Sophie Scholl: The Power of the Written Word

Sophie Scholl: The Power of the Written Word

Sometimes I wonder why I take the time to write.

While I enjoy writing, it doesn’t seem to be changing or transforming the world.  In fact, “the pen is mightier than the sword” seems a bit lost when we are inundated with words upon words.  Blogging seems ridiculous in a cyber world overflowing with anyone and everyone’s thoughts and opinions.  Amidst the suffering and tragedies occurring daily, why do I post my thoughts, experiences, and reflections? Why add one more little voice to the cacophony?

The other day, I stumbled upon a name that I knew little about yet was not entirely unknown to me.  Sophie Scholl.  Curious, I found a website with a story about the White Rose Resistance and the role of Sophie Scholl.  In a few moments, I felt as if I had discovered the reason I stumbled upon this article.

One day in 1942, copies of a leaflet entitled “The White Rose” suddenly appeared at the University of Munich. The leaflet contained an anonymous essay that said that the Nazi system had slowly imprisoned the German people and was now destroying them. The Nazi regime had turned evil. It was time, the essay said, for Germans to rise up and resist the tyranny of their own government. At the bottom of the essay, the following request appeared: “Please make as many copies of this leaflet as you can and distribute them.”

The leaflet caused a tremendous stir among the student body. It was the first time that internal dissent against the Nazi regime had surfaced in Germany. The essay had been secretly written and distributed by Hans Scholl and his friends.

Holocaust Resistance: The White Rose – A Lesson in Dissent, Jacob G. Hornberger

This young Sophie Scholl along with her brother and friends built a resistance through writing.  Speaking out against the Nazi regime was a sufficient reason to be executed by the state.  What was the reason they used mere words to fight Hitler?  Sophie told the courtroom during the “trial.”

Sophie Scholl shocked everyone in the courtroom when she remarked to [Judge] Freisler: “Somebody, after all, had to make a start. What we wrote and said is also believed by many others. They just don’t dare to express themselves as we did.”
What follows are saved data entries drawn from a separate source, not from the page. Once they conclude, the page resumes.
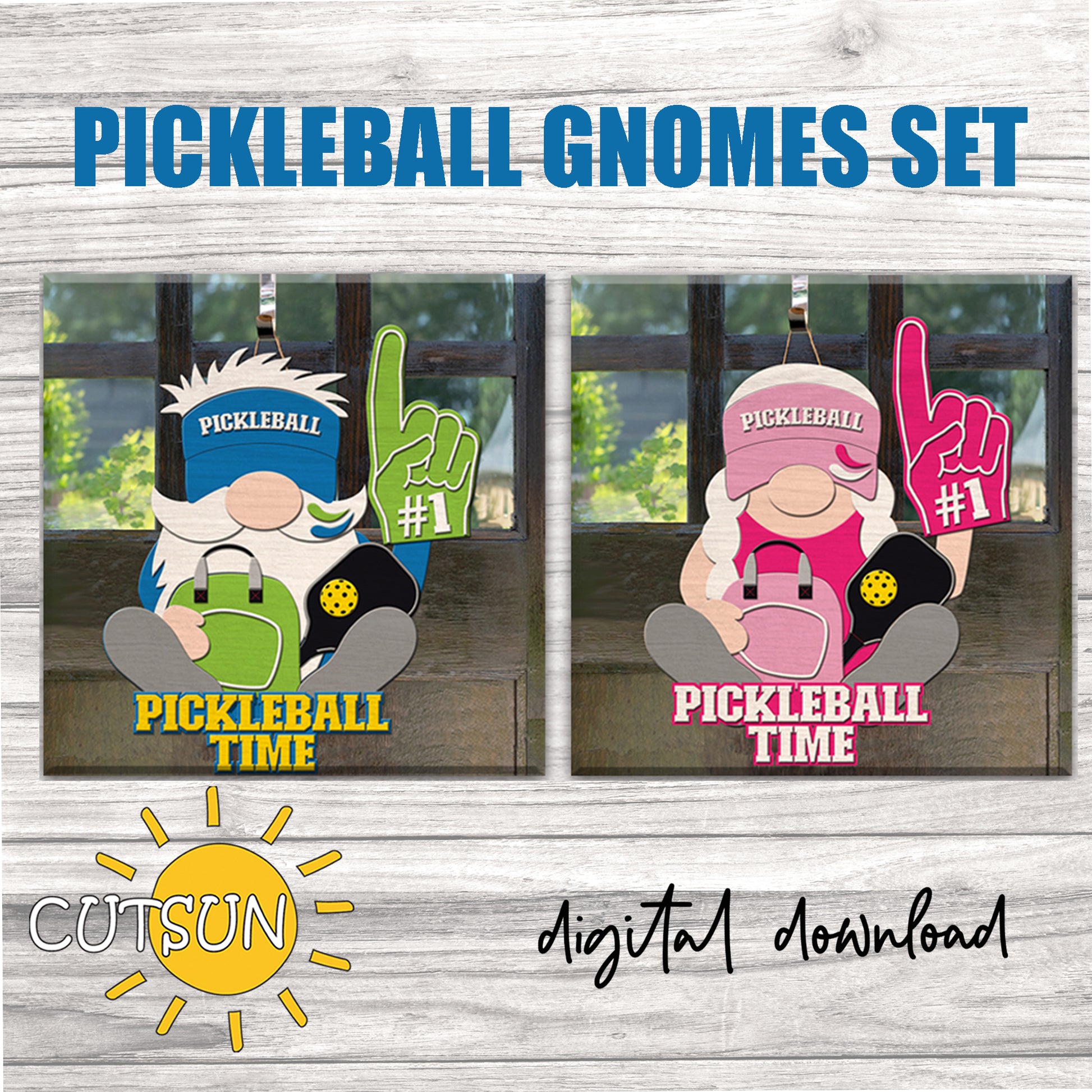 Featuring two versions - one with a girl gnome and one with a boy gnome holding a foam hand, bag, paddle, and ball, this laser-cut design is perfect for welcoming guests to your home and showcasing your love of pickleball. 🏆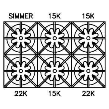 Burner Configurations: RNB Series range burners can be tailored to suit your own cooking preferences. For example, move the simmer burner from back to front or to the right. On some models, choose to add additional 22,000 BTU burners for additional power. The possibilities are endless!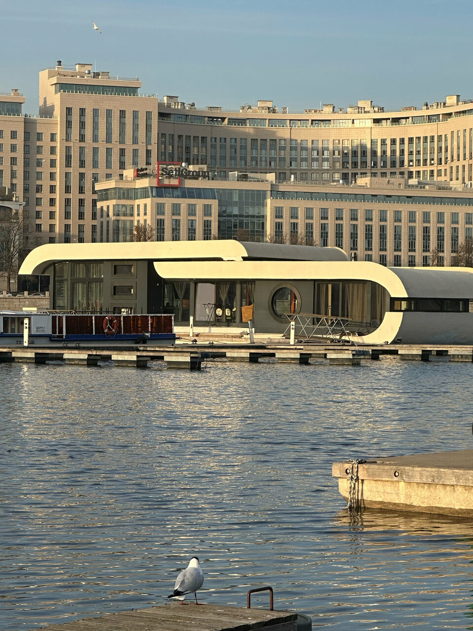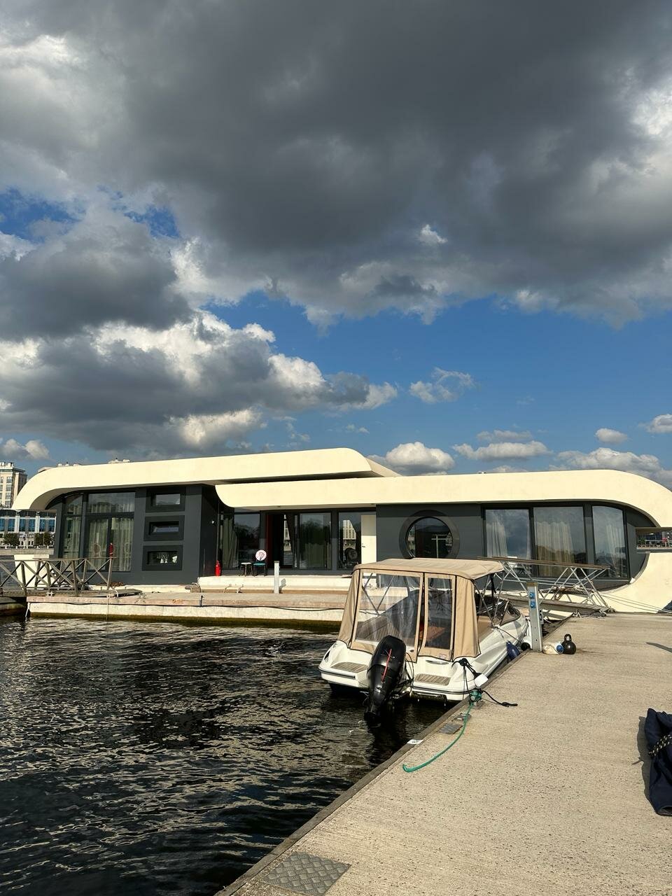 - Панорамные окна с видом на воду и город.; Удобное расположение в центре, рядом с яхтами и катерами.; Просторная кухня и гостиная.; Наличие необходимых удобств (вода, свет, холодильник, туалет).; Отсутствие посторонних людей.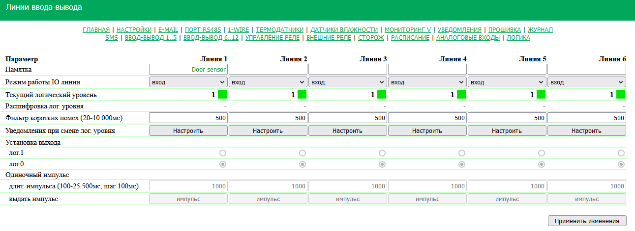Однократный импульс — при нажатии на кнопку «импульс» IO-линия, работающая как «выход», будет инвертирована на заданное время. Длительность импульса задается в поле «длит. импульса (100-25500мс, шаг 100мс)». Если линия настроена как «вход», кнопка выдачи импульса неактивна.

Speaking the truth in a world filled with lies is a courageous undertaking.  The truth has a power to stir and ignite people.  It is a bold, troublesome thing that inflames hearts, encouraging them to risk all for the pursuit of truth.  Not everyone is courageous enough to speak this truth.  It makes others uncomfortable and it often costs us something.  I’ve had more than one occasion where questions in the classroom resulted in uncomfortable sessions of truth-telling.  When students ask questions about divorce, contraception, homosexuality, mortal sins, and so on, I try to tread lightly, but truthfully, as I attempt to explain the wisdom of the Church. Continue reading “Sophie Scholl: The Power of the Written Word”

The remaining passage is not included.